[Supplied material]
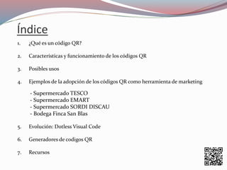 El documento describe el código QR, su desarrollo por Denso Wave en 1994 y sus características, usos en marketing y evolución hacia el dotless visual code. Se presentan casos de éxito en supermercados que implementaron códigos QR para aumentar ventas y ofrecer servicios innovadores. Además, se mencionan generadores de códigos QR y recursos para su creación.
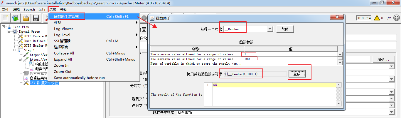 1.选项–>函数助手对话框(jmeter里面常用的函数都在这里面)–>选择“_Random”,设置最小值、最大值,生成,然后拷贝,在实际的请求中粘贴即可。
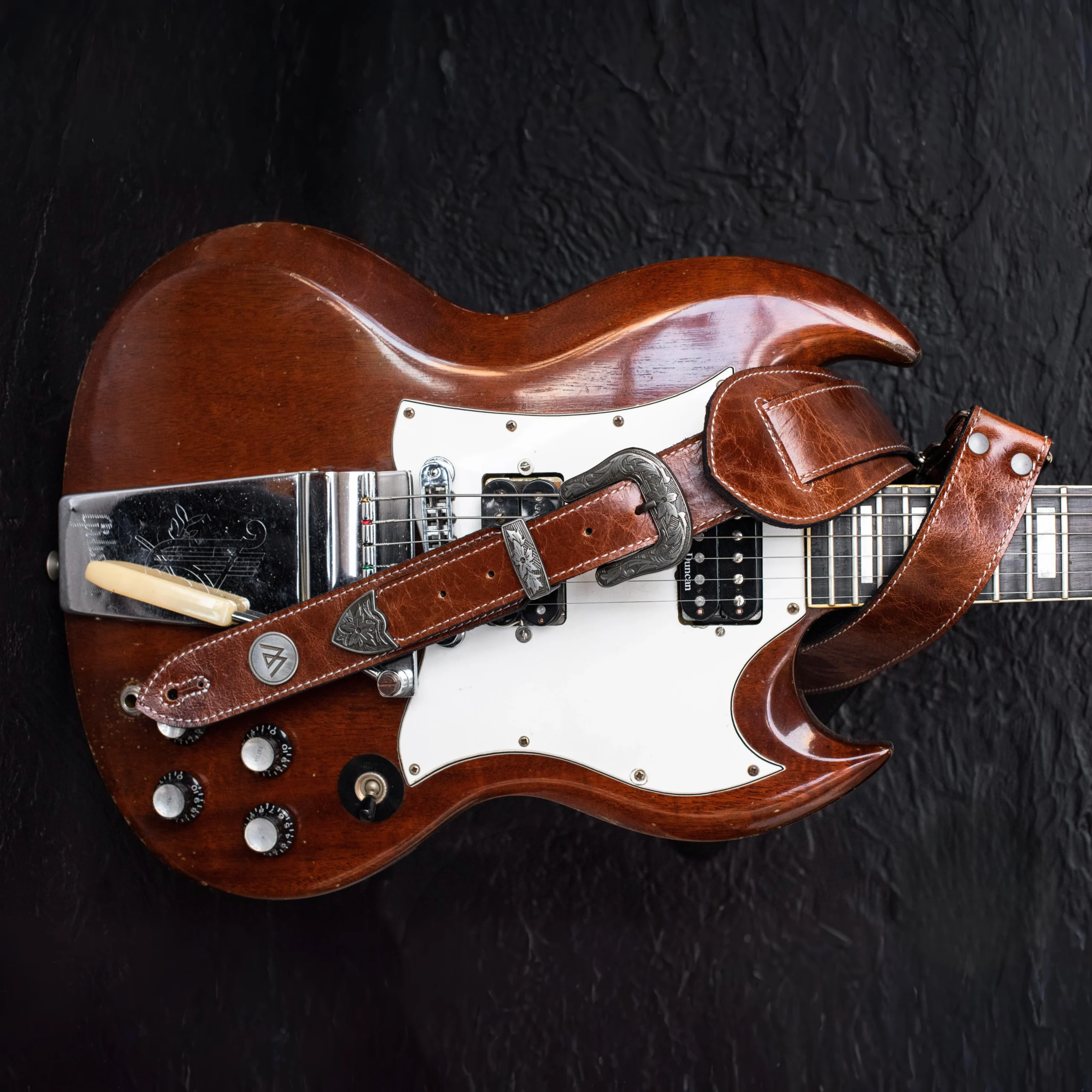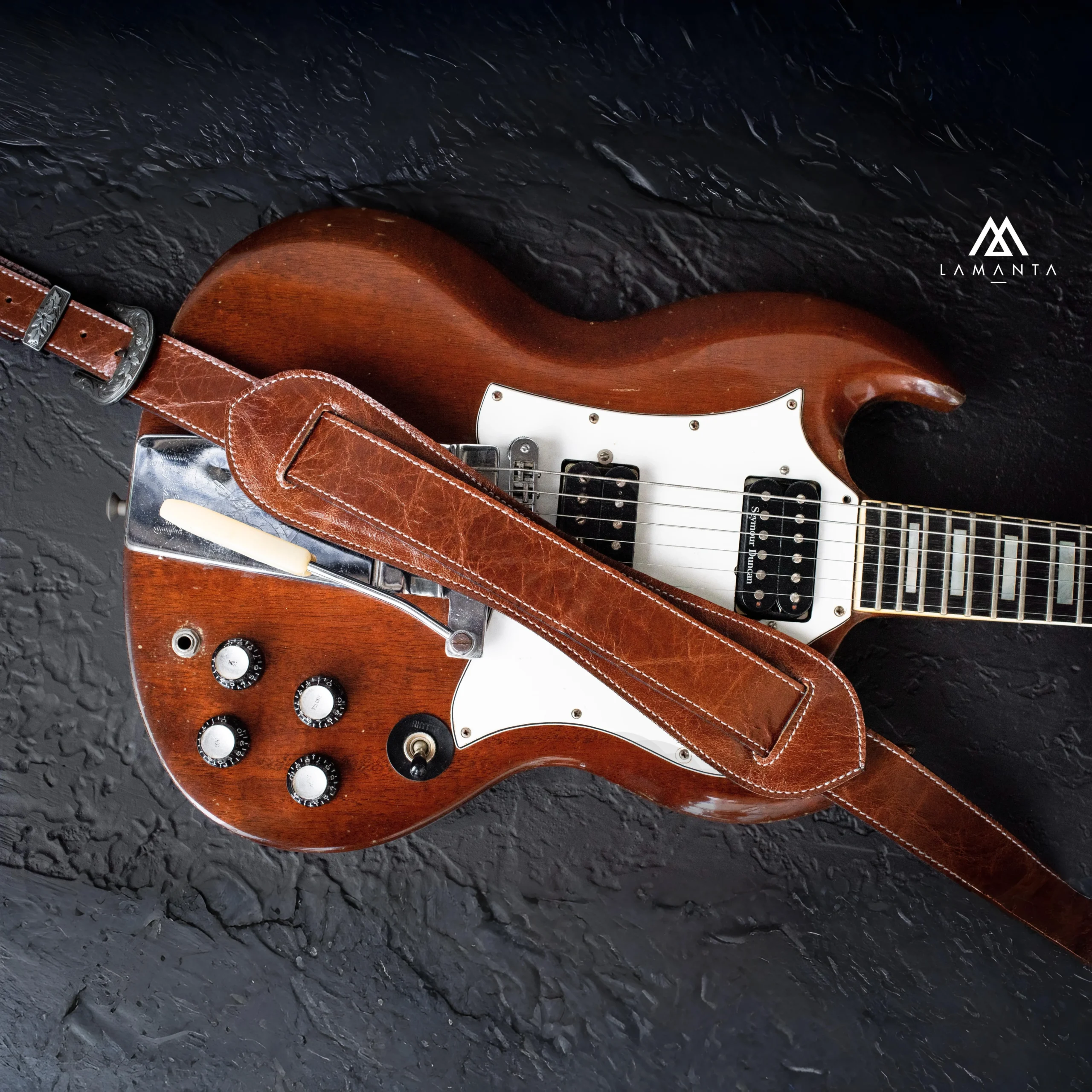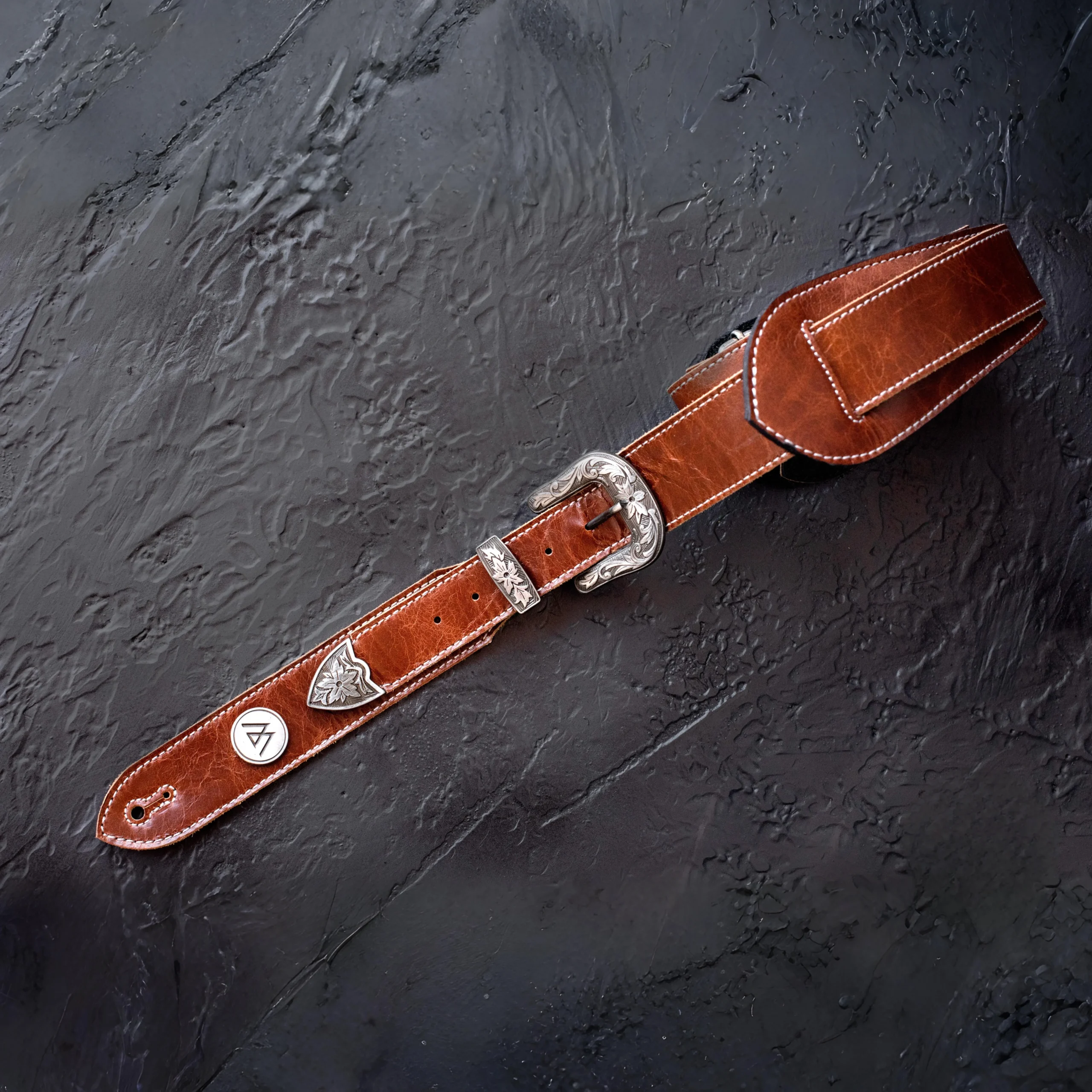 Correa de cuero de 4 cm con hombrera acolchada. Hebilla metálica estilo vaquero. Modelo Stage Leo, ideal para tocar con estilo y comodidad.

[Brief] Your answer must be the full listing, word for word, minus any images.

[Exercise output]
 El documento describe el código QR, su desarrollo por Denso Wave en 1994 y sus características, usos en marketing y evolución hacia el dotless visual code. Se presentan casos de éxito en supermercados que implementaron códigos QR para aumentar ventas y ofrecer servicios innovadores. Además, se mencionan generadores de códigos QR y recursos para su creación.
 1.选项–>函数助手对话框(jmeter里面常用的函数都在这里面)–>选择“_Random”,设置最小值、最大值,生成,然后拷贝,在实际的请求中粘贴即可。
 Correa de cuero de 4 cm con hombrera acolchada. Hebilla metálica estilo vaquero. Modelo Stage Leo, ideal para tocar con estilo y comodidad.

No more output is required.